Managing Risk

Updated

TL;DR. The AI risk you are afraid of is not the AI risk that is going to hit you. The fear is regulator action and front-page lawsuits. The reality is your VP of Sales pasted a deal sheet into a free chat tool last Tuesday and you have no record of it. There are five failure modes that actually land in enterprises right now: data leakage, wrong answers, over-reliance, shadow AI, and ungoverned automation, the scheduled agent running on a clock that nobody in IT approved. Each has a small set of boring controls that work. The rest is theater.

Somebody on your leadership team has been emailed a slide deck about AI risk. It probably has a 4x4 matrix. It enumerates seventeen risk categories with red, yellow, and green dots. It mentions the EU AI Act. It includes a recommendation to establish an AI ethics committee. It is on the agenda for next month’s risk review.

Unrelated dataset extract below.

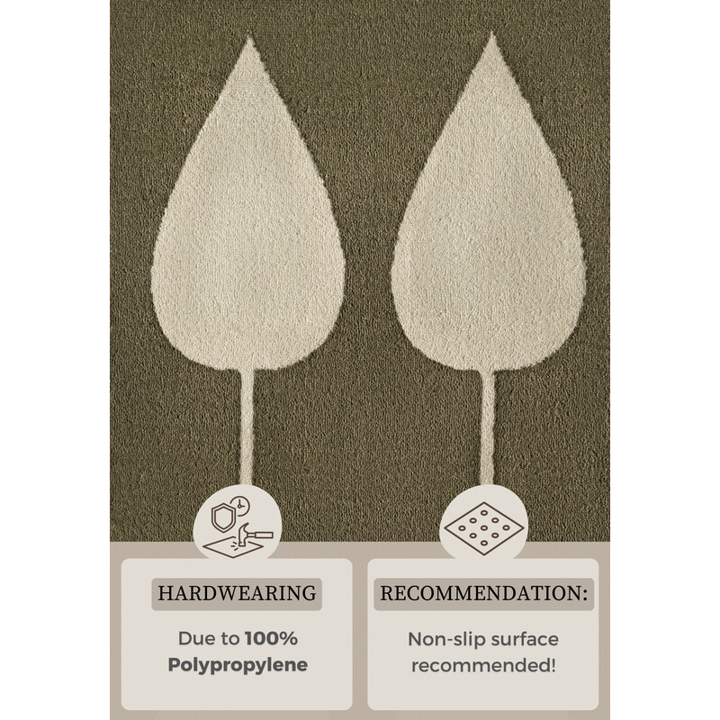Olivovo zelený detský koberec s motívom krémovo bielych lístkov vnesie do izbičky pokojnú a hravú atmosféru. Jemný dizajn inšpirovaný prírodou podnieti detskú predstavivosť a vytvorí príjemné prostredie pre hru aj odpočinok. Strihaný vlas strednej výšky je mäkký a ľahko sa udržuje, čo poteší rodičia aj deti. Koberec je plne kompatibilný s podlahovým...

In the same week, three things happened that the deck did not catch. A junior analyst pasted a draft client roster into a free chat tool to clean up the formatting. A customer service bot quoted a refund policy that the company does not have. And the VP whose seat sat idle for nine months started a personal Claude account because the approved tool was worse than the consumer version.

None of those will appear on the risk register. All of them are the actual risk.

Why the risk register misses

The default executive playbook for AI risk is the playbook for every other emerging risk. Convene a working group. Inventory the categories. Score each one on likelihood and impact. Color-code. Present quarterly. Track movement.

This catches nothing because risk registers operate at the wrong layer. Registers track categories. Incidents happen at surfaces. A category like “data privacy violation” tells you nothing about whether your people are pasting customer records into ChatGPT today. A category like “model bias” tells you nothing about whether the chatbot you deployed last quarter is making refund commitments you cannot honor. The register is at the altitude of an ethics committee. The incident is at the altitude of a browser tab.

The deeper problem is that the register lets the executive feel governed without doing anything operational. The slide is the artifact. The artifact substitutes for the control. Six quarters later there is a thick binder of governance documents and a security team that still has no idea which AI tools their employees opened this morning.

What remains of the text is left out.